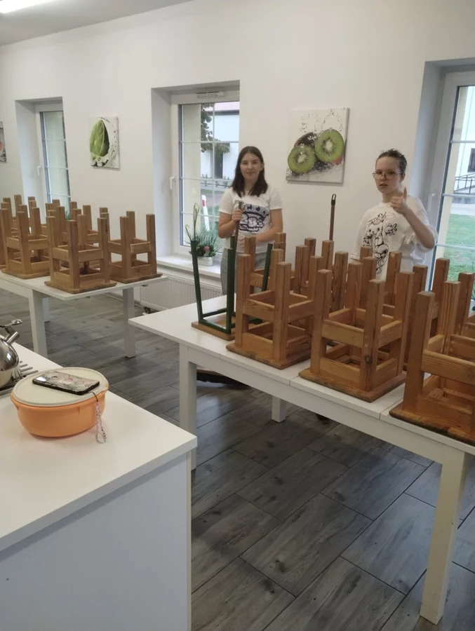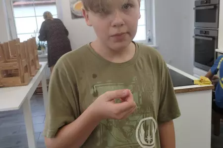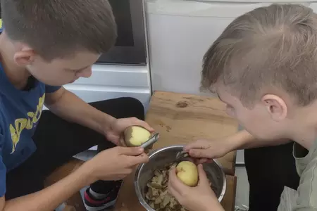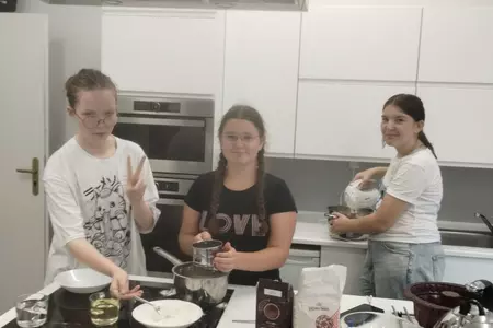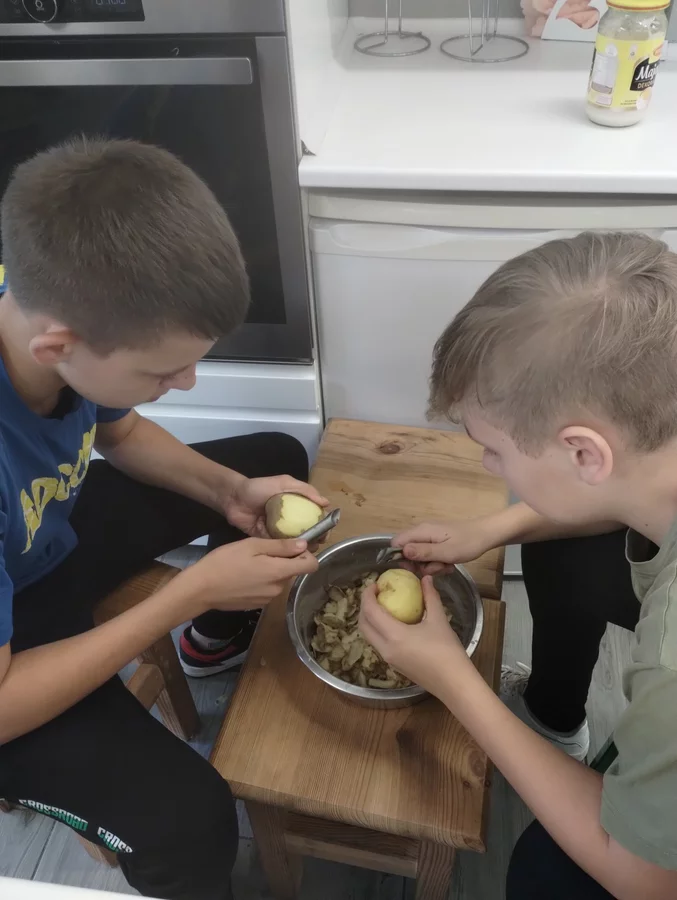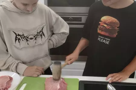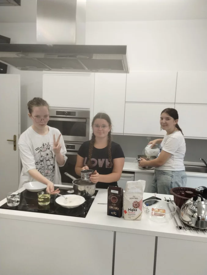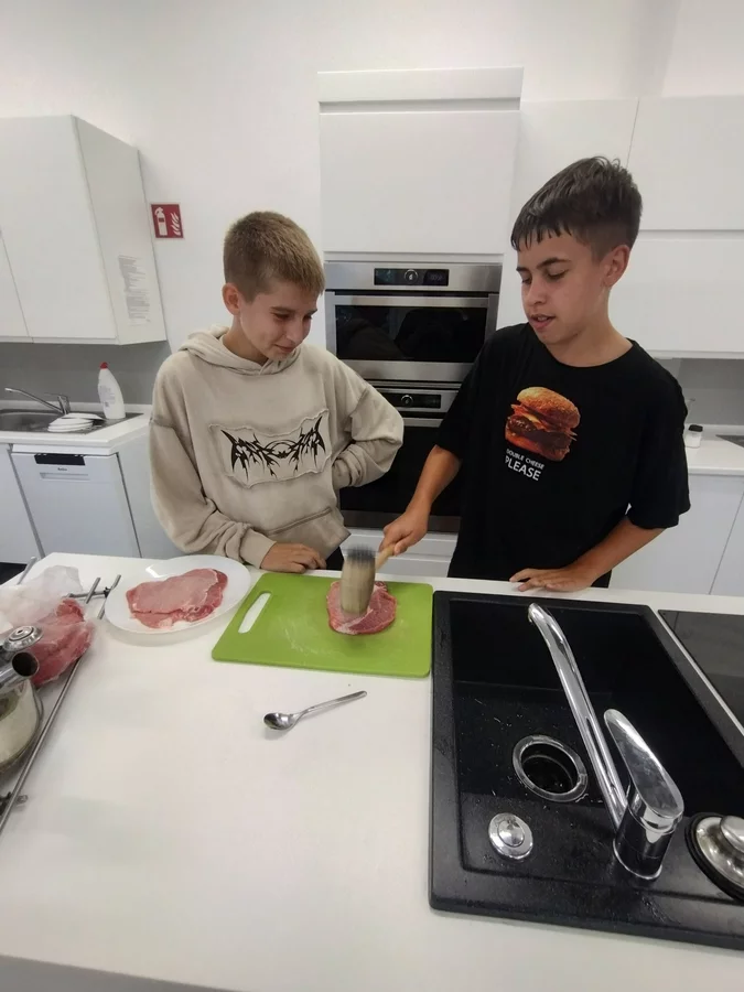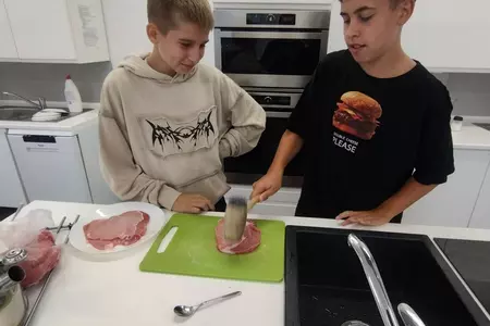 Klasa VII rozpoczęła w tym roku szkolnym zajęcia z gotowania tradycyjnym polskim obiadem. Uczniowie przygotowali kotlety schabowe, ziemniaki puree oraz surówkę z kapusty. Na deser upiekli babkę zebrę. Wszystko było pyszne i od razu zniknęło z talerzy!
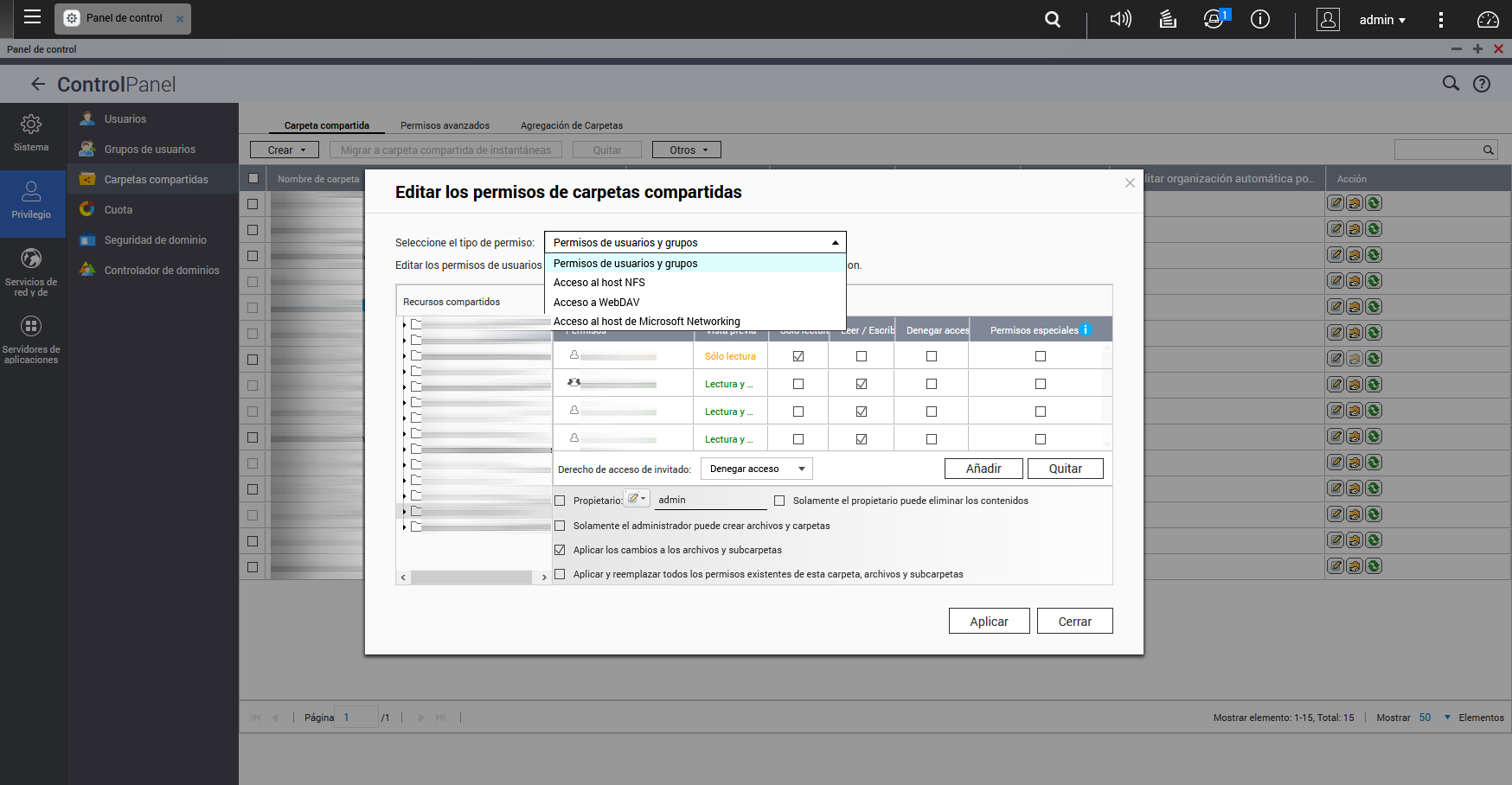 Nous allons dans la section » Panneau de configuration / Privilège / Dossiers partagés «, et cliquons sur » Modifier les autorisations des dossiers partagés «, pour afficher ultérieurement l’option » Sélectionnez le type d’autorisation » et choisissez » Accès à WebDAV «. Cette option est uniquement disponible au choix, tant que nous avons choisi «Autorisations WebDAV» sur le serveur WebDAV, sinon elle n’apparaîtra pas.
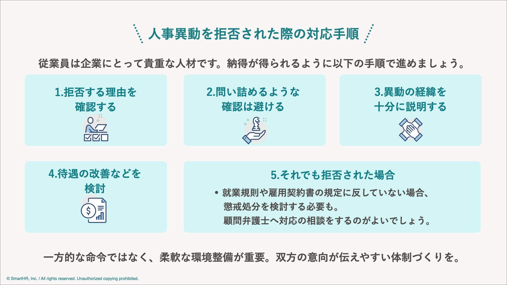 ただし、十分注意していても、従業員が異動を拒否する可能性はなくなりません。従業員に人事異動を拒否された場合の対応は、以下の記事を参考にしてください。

• • • • • • •

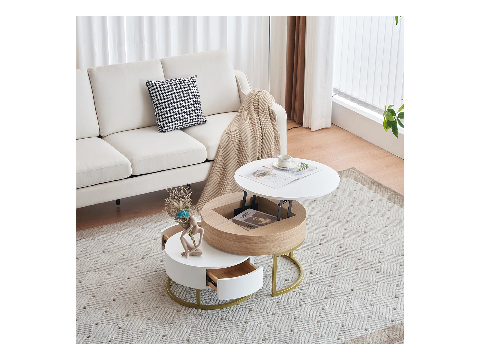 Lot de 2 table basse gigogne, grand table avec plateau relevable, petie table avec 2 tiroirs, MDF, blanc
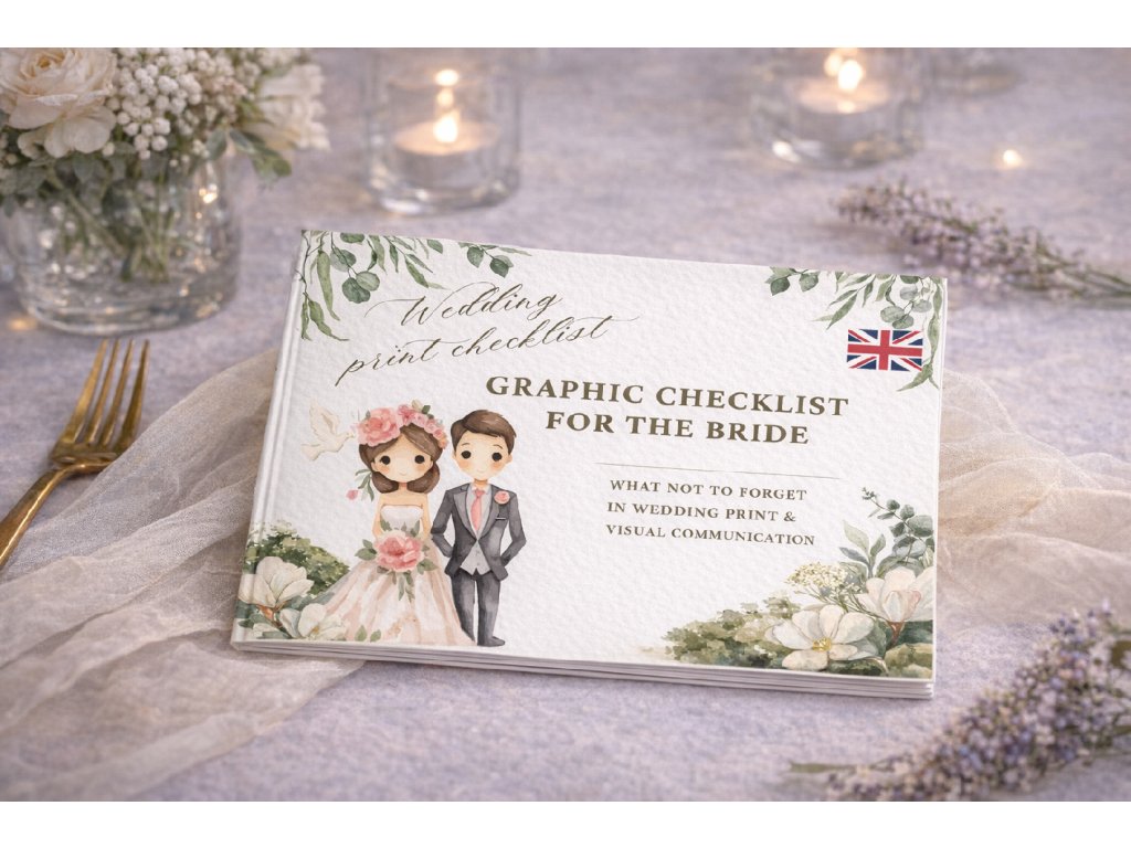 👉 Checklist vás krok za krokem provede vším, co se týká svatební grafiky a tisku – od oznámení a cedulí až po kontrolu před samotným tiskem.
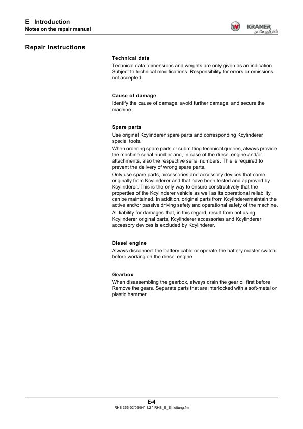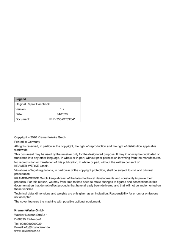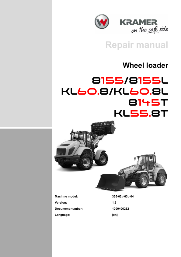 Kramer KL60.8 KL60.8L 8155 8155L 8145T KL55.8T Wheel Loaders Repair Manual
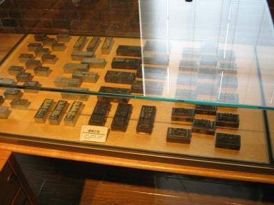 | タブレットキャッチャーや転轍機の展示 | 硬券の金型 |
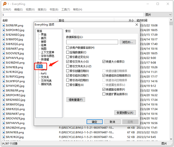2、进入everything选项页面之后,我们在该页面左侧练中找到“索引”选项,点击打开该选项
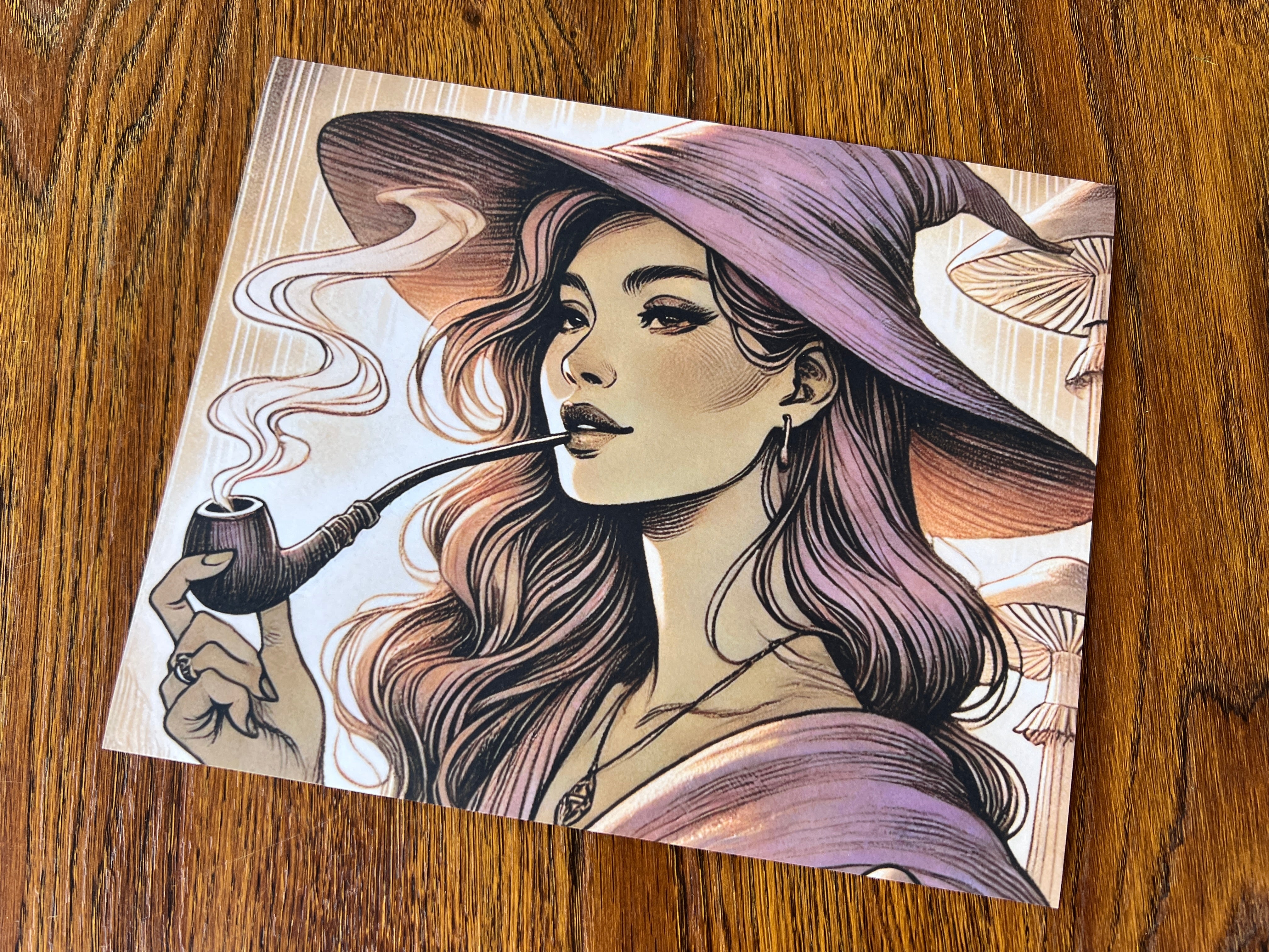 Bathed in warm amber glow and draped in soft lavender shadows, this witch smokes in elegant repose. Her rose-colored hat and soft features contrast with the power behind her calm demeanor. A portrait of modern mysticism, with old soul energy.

• • • • • • •

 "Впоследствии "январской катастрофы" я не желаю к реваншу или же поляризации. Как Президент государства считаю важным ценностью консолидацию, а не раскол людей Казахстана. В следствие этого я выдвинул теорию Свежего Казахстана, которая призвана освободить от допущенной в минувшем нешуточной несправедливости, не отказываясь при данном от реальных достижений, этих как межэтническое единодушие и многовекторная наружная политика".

• • • • • • •

• TASK TO COMPLETE
In the listing above, find the line with "Lot de 2 table" and the line with "před samotným tiskem.". Copy exactly those lines and all between them, minus the images.

• FINISHED TASK
 Lot de 2 table basse gigogne, grand table avec plateau relevable, petie table avec 2 tiroirs, MDF, blanc
 👉 Checklist vás krok za krokem provede vším, co se týká svatební grafiky a tisku – od oznámení a cedulí až po kontrolu před samotným tiskem.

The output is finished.